ADULT STAGE: Young Man or Woman (age thirteen/puberty) to the birth of his/her first child)
The goal of this stage is to learn to satisfy the needs of two people—his or herself and one other person.
Ideally, the ADULT STAGE begins at age thirteen. A fully mature 13-year-old can take excellent care of herself. As s/he enters the adult state s/he will learn how to satisfy the needs of more than one person at a time. Like the other transformations, this one is physical as well as mental and social. Her identity will try to reorganize itself. Young adults need a more mature guide.

Just like all the other states it will take time to mature from a self-centered girl or boy to a both-centered person. During the adult stage s/he will learn how to negotiate relationships in a way that is fair for her as well as fair to the other. She will begin to consider the needs of others as important as his or her own needs. When the Adult is doing business, the person s/he is dealing with will get equal, fair treatment. This stage of development usually takes men and women into their early twenties. By that time, a woman or man should be able to get a fair deal, not be intimidated by other men or women, protect others from himself/herself when necessary, and take care of a small group to everyone's satisfaction.

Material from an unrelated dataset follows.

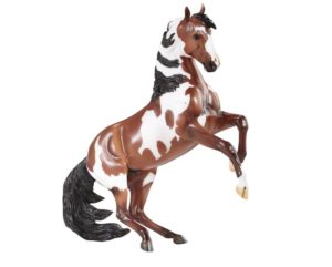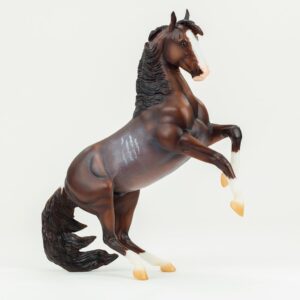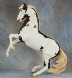 Glossy bay pinto; wide blaze; 1 front sock with striped hoof; BreyerFest Prize SR; 1/50

During this stage a man or woman continues to develop a personality that reflects his personal character and style. Everything s/he does must meet this heart-based standard. The adult identity finds its highest challenge in marriage. A man or woman is ready for marriage near the end of the adult stage. By that time, he is proficient in sharing life for mutual satisfaction. Because he and she are both adults, they can each take care of themselves and each other simultaneously. This kind of partnership is characteristically adult. Sharing life in a way that creates a mutually satisfying story--or imprint on history--brings great joy to adults.

The goal for men and women is to become a satisfying part of history. A man (or woman) knows that what s/he does impacts other people. Therefore, /she carefully ensures that his/her impact on history (his/her story) is a good one.

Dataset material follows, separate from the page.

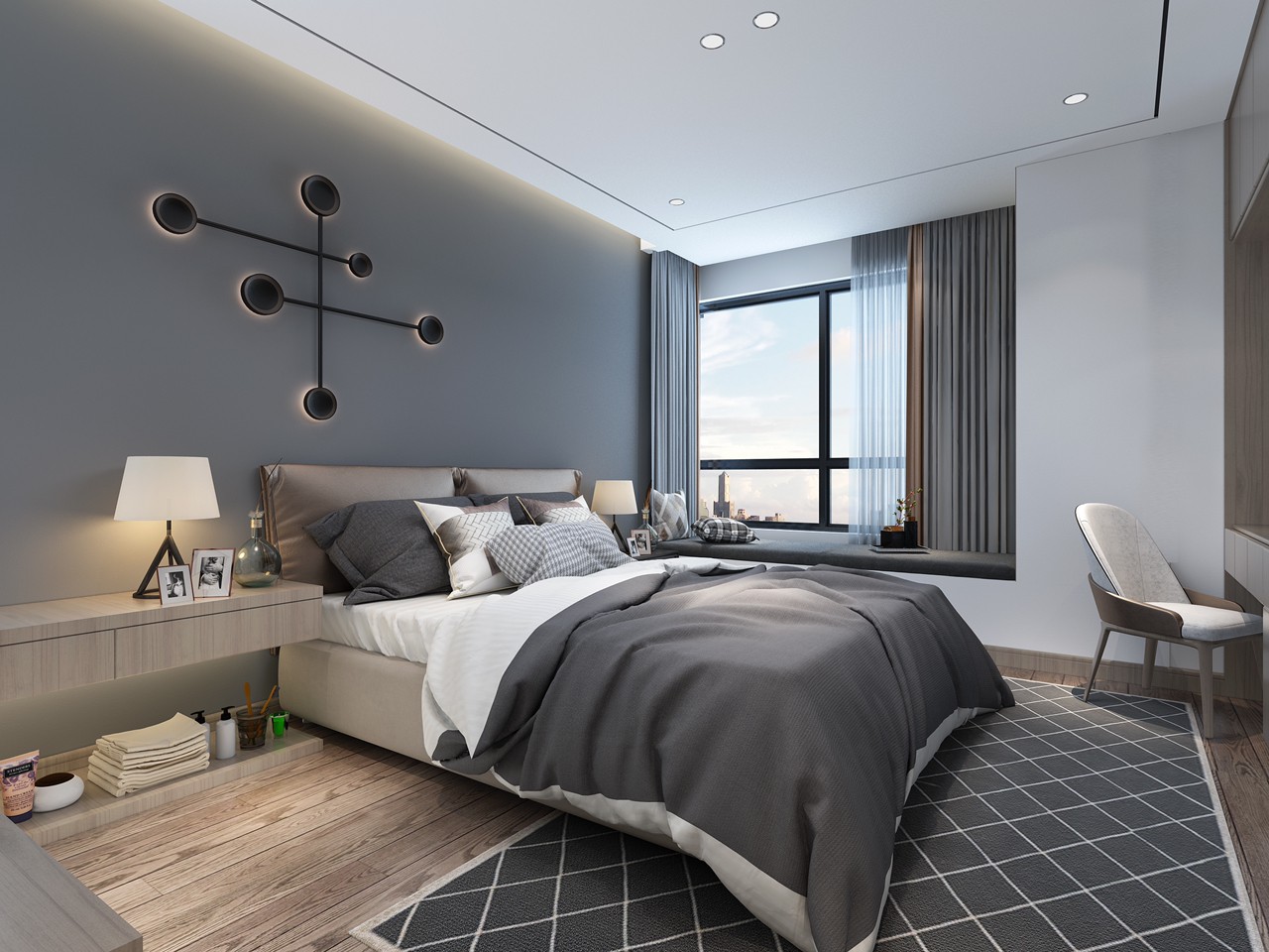 主卧以烟灰色为主色调,再搭配原木色的家居,在清冷空间里增添了几分温情。床头的壁灯更是极具设计感,凸显了主人品味高雅。

As we move from childhood to the adult world, we need a rite of passage where old adults welcome us to their world. Many religions have rites of passage such as the Jewish Bar and Bat Mizvah. In some churches, confirmation can play a role where the child who is nearing this transition is taught about their faith so they can confirm, this is what I believe or reject it. During puberty our brains develop the ability to think abstractly. We no longer believe all that our parents have taught us. We need to evaluate what we have been told and make it our own, or not! This is a normal part of becoming an adult. We need to know that we are now working on adult maturity and what that looks like so we can successful complete all the needs and tasks during this stage. Not all at once, but over time. One often misunderstood need is to develop a group identity. Young adults need to find a group to which they can belong, hopefully one that is healthy and life-giving. They need lots of time in their community testing their new skills.

THE ADULT STAGE
Primary Task: Taking care of two people simultaneously (Growing from Me to We)
If tasks not completed: Lacking capacity to be in mutually satisfying relationships

Adult Needs

  • A rite of passage, a welcome to adult world

  • Time to bond with peers & form group identity

  • Inclusion by the same-sex community

  • Observing the same sex using power fairly

  • Being given important tasks by his/her community

  • Guidance for the personal imprint they will make on history

  • Opportunities to share life in partnership

Adult Tasks

  • Take care of two people simultaneously

  • Discover the main characteristics of his/her heart

  • Proclaim, defend personal & community (group) identity

  • Bring self & another back to joy simultaneously

  • Develop a personal style that reflects his/her heart

  • Learn to protect others from him/herself

  • Learn to diversify & blend roles

  • Embrace life-giving sexuality

  • Mutual satisfaction in a relationship; partnership

  • See others thru ‘eyes of heaven’


Adult Stage Indicators: Age 13 to Birth of First Child


(or Age 13 to the Experience of a Self-Sacrificial Relationship)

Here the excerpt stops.